Looking at each filing, the numbers stack up like this. Proceeds are based on the weighted-average prices in every filing.
| Insider | Reported role | Trade dates | Shares sold | Proceeds | Average price |
|---|---|---|---|---|---|
| Jayshree Ullal | CEO and chair | July 9-10 | 477,000 | $89.52 million | $187.68 |
| Andreas Bechtolsheim | 10% owner | July 1-2 | 500,000 | $81.74 million | $163.48 |
| Charles Giancarlo | Director | July 1 | 8,000 | $1.34 million | $167.06 |
| Total | 985,000 | $172.60 million | $175.23 |
Arista’s earnings multiple is still around 55% higher than Cisco Systems NASDAQ:CSCO and 80% above NVIDIA Corp.
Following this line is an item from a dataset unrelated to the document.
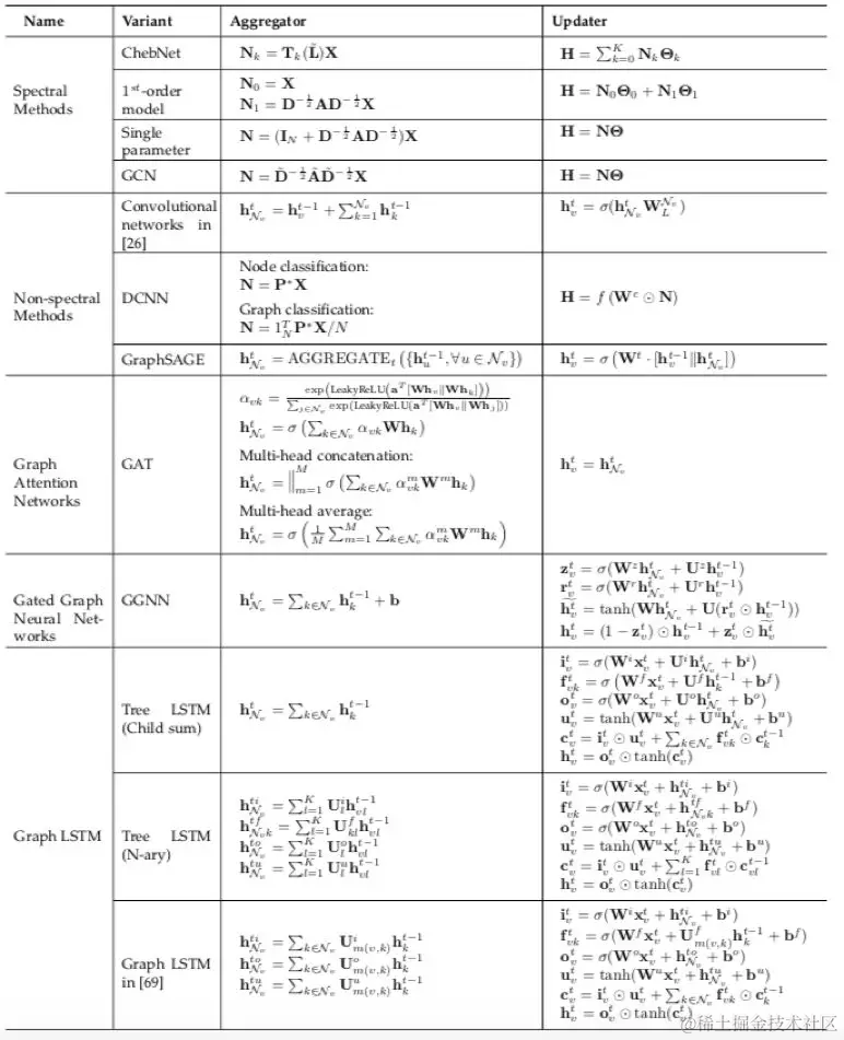 文章还对于不同的信息传递方式进行了公式化总结。简单来说,信息传递函数主要包括信息收集(agggregation)和节点信息更新(update)两个部分,在表格中列出了每种方法的不同配置。

NASDAQ:NVDA, even after the drop. The companies don’t run the same business, but the gap suggests the market is still pricing in strong growth for Arista. Latest quotes as of about 13:51 EDT:
| Company | Share price | Intraday move | Trailing P/E | Market value |
|---|---|---|---|---|
| Arista Networks NYSE:ANET | $170.50 | down 6.6% | 57.5 times | $217.0 billion |
| Cisco Systems NASDAQ:CSCO | $112.00 | off 4.4% | 37.2 times | $445.8 billion |
| NVIDIA Corp. NASDAQ:NVDA | $209.45 | fell 1.1% | 31.9 times | $5.11 trillion |
The premium still has its backers. TD Cowen’s Sean O’Loughlin bumped his price target to $210 from $200 this week and stuck with a Buy. He told The Fly sector fundamentals “remain firm.” That target is about 23% above the $170.50 level. O’Loughlin pointed to new artificial-intelligence launches in the second half as a key driver for the stock. TipRanks
First-quarter numbers give bulls a reason to stay long. Revenue was up 35.1% at $2.709 billion. The adjusted operating margin, stripping out certain items, stayed at 47.8%. Arista is looking for second-quarter revenue of around $2.8 billion, aiming for a 46%-47% adjusted operating margin, and adjusted earnings close to $0.88 per share.
But the supply chain comes with a big financial load. Arista reported $8.9 billion in non-cancellable purchase obligations as of March 31, or about 72% of its cash and marketable securities. $7.6 billion is due inside a year. Gross margin dropped to 61.9% from 63.7% a year ago. The company said high obligations and changes in demand could mean excess or obsolete stock. CFO Chantelle Breithaupt said in May that macro and supply chain conditions “remain dynamic.” SEC
August 4 shapes up as a key check on whether Wednesday’s reset was enough to clear the premium. If Arista meets the $2.8 billion revenue goal and margins hold steady, TD Cowen’s call still works. But if the company misses or its inventory risk grows, it gets tougher to justify the gap to Cisco and NVIDIA.